Studies on Magnetic Properties and Ball-Milling Process of Fe–Si–Cr Powders

Flake-shaped Fe–Si–Cr alloy powders were prepared by crushing alloy ingots and the ball milling method. Magnetic properties of Fe–Si–Cr alloy powders with the nominal compositions of Fe81.4+ x Si17– x Cr1.6 ( $x=0,2,4$ , and 6) and the different values of milling time (0 to 120 h) were investigated. A scanning electron microscope, X-ray diffraction, and a vibrating samples magnetometer were used to characterize Fe–Si–Cr alloy powders. It is observed that, with the increase of parameter $x$ , the permeability of Fe81.4+ x Si17– x Cr1.6 ( $x=0$ , 2, 4, and 6) powders first increases and then decreases in 0.5–2 GHz, meanwhile the peaks of the imaginary part of the magnetic permeability ( $\mu ''$ ) transfer to the lower frequency in 0.5–6 GHz.
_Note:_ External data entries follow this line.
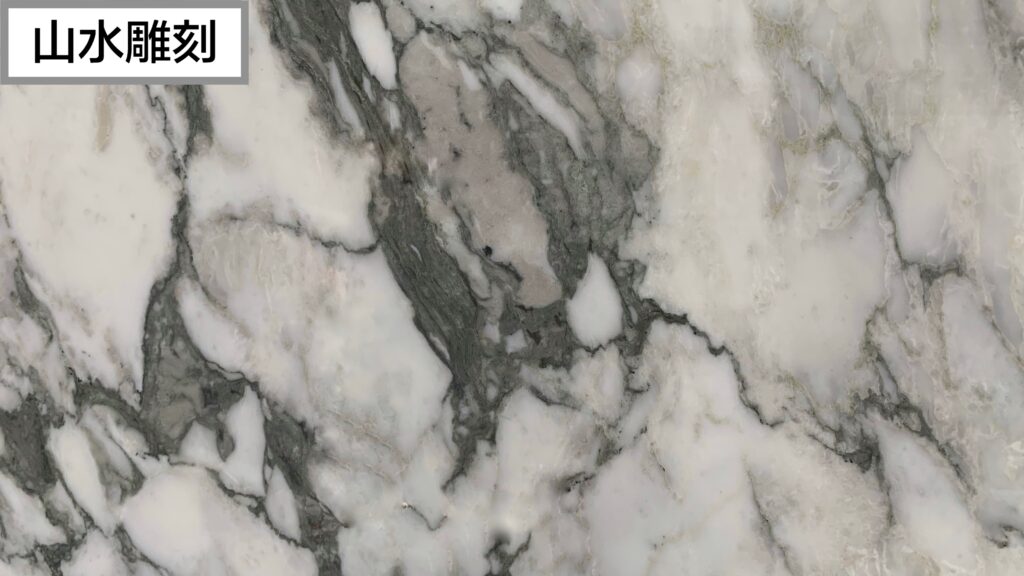 山水雕刻的特殊紋理猶如水墨畫般變化豐富,灰白的紋路與白色底色的碰撞呈現出極富藝術感的效果。這種石材深受喜歡個性化設計的業主喜愛,非常適合用於打造具有特色的空間,例如電視牆、餐廳背景牆等,讓家居更具個人風格和藝術氛圍。
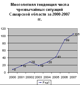 Рис. 1. Оценка многолетней тенденции Приближенная оценка многолетней тенденции возможна при обычной визуальной оценке графика, когда без предварительных расчетов высказываются суждения о наличии роста, снижении или стабилизации числа случаев. Однако отсутствие в этом случае количественных характеристик делает полученные выводы субъективными. В 2007 г. на территории Самарской области продолжился рост числа чрезвычайных ситуаций (ЧС) медицинского характера, связанных с санитарными потерями среди населения. Их число составило 105 (в 2006 г. – 89). Подавляющее большинство ЧС относятся к техногенным, число которых также возросло и составило 86 (в 2006 г. – 76). Таблица № 2. Общие потери населения в чрезвычайных ситуациях
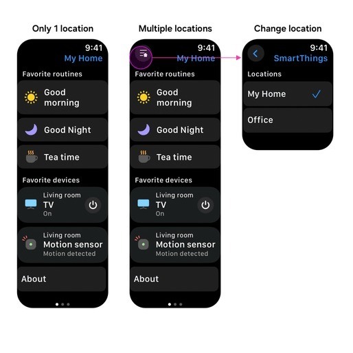 Az Apple Watch felhasználók is kaptak újdonságot: új SmartThings widget jelent meg, amely gyorsabb vezérlést és a helyszínek közti váltást is lehetővé teszi közvetlenül a csuklóról.
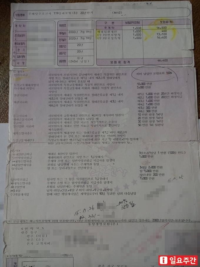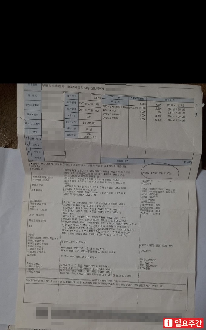 | ▲제보자 A씨가 2000년 상해보험 가입 때 받은 보험증권.(제보자 제공) |
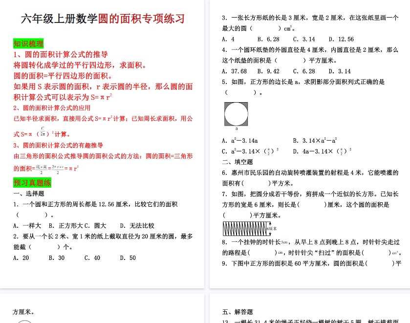 🔹5类重点专项突破(分数除法、圆、百分数等)
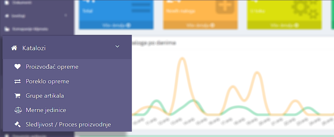 Kreiranjem kataloga, klijent definiše sve potrebne informacije vezane za artikle kojim raspolaže u okviru svog poslovanja, kao poreklo i proizvođača tih artikala odnosno opreme.
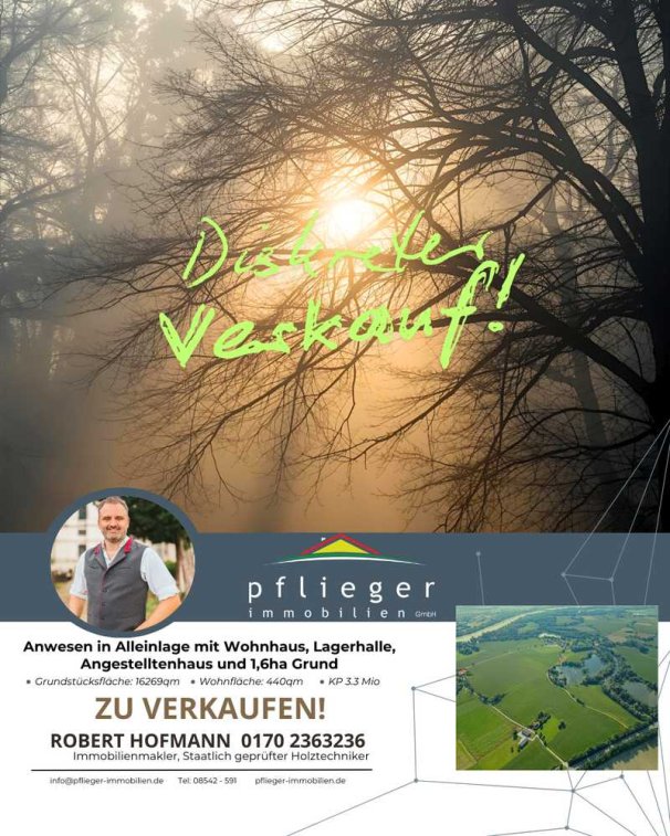 Anwesen in Alleinlage mit Wohnhaus, Lagerhalle, Angestelltenhaus und 1,6ha Grund
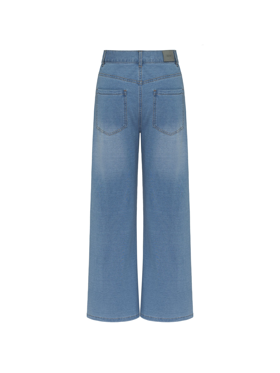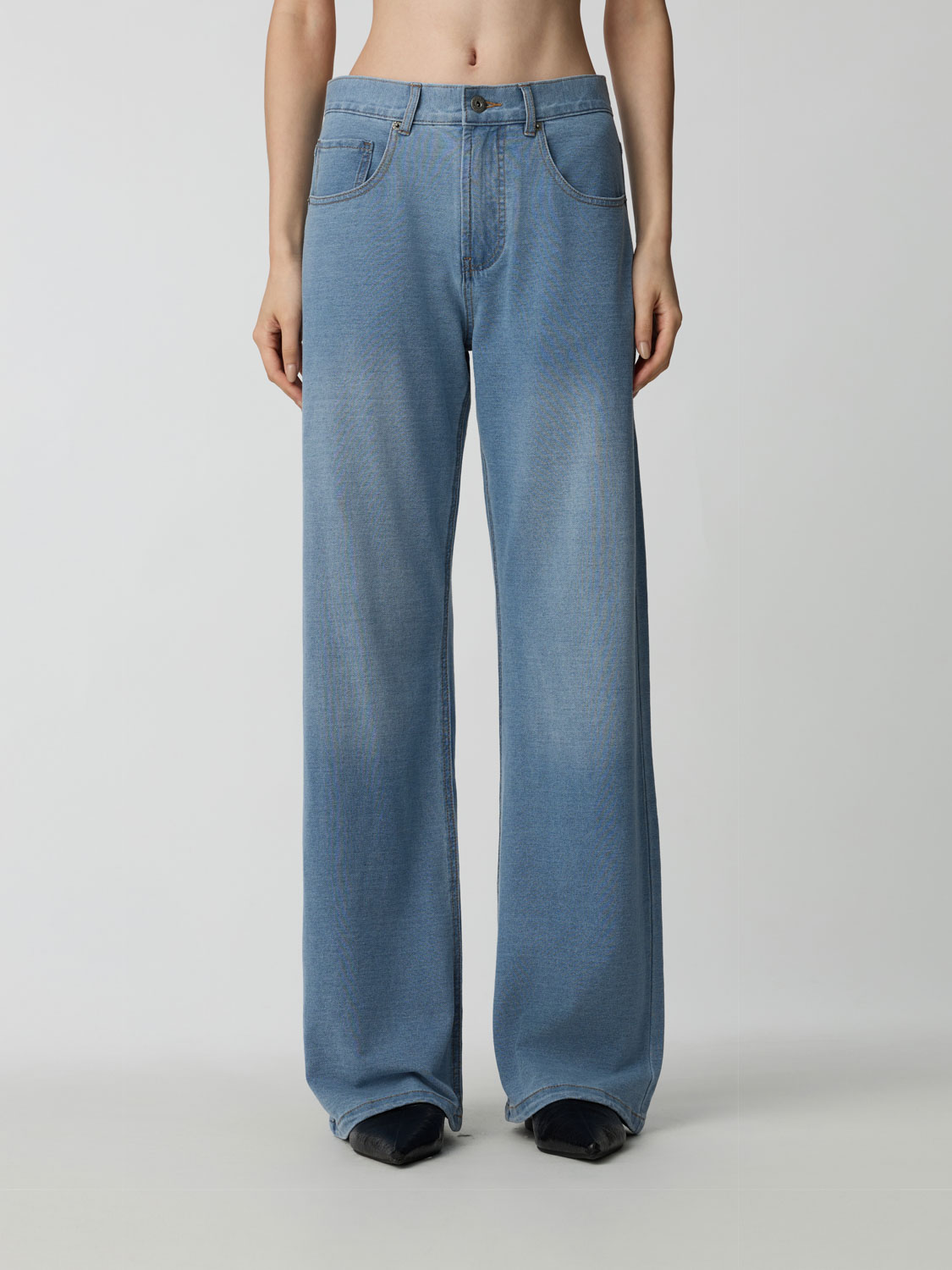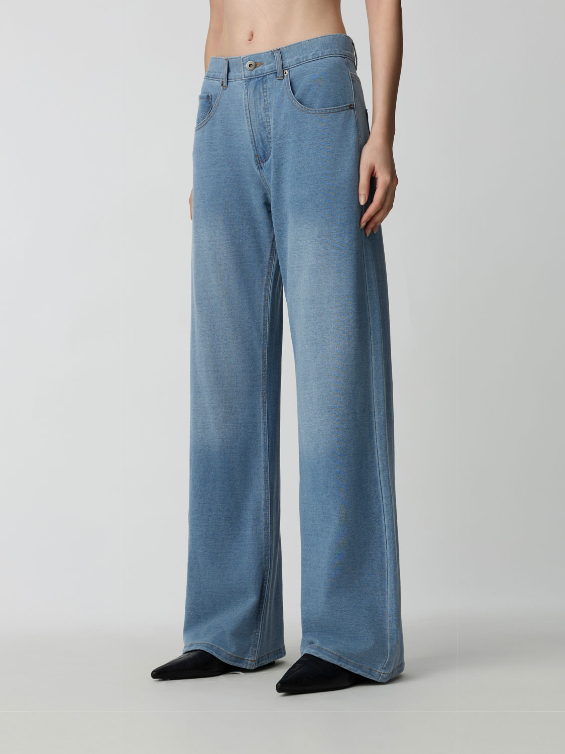 C-line - Light, stiff and soft knitted denim fabric with elasticity, creating an overall casual and handsome look -Mid-length micro-flared version with loose content, leg seam design makes it visually slimmer -Thighs are naturally colored with narrow lines

The saturation magnetic ( $M_{S})$ and the coercivity ( $H_{C})$ were also investigated. The value of $M_{S}$ increases from 110 emu/g ( $x=0$ ) to 148 emu/g ( $x=6$ ), while the value of $H_{C}$ changes in the opposite trend from 30.7 Oe ( $x=0$ ) to 25.5 Oe ( $x=6$ ). For Fe85.4Si13Cr1.6 alloy powders with the increase of milling time, the peaks of $\mu ''$ transfer to the higher frequency, while the values of $\mu ''$ first increase and then decrease in 0.5–10 GHz. We attributed this to the change of the aspect ratio. A large aspect ratio increases planar anisotropy, which can enhance the magnetic permeability of the material. It is observed that the imaginary part of the magnetic permeability is 3.91 with $x=4$ and milling time $= 48$ h at 1.1 GHz.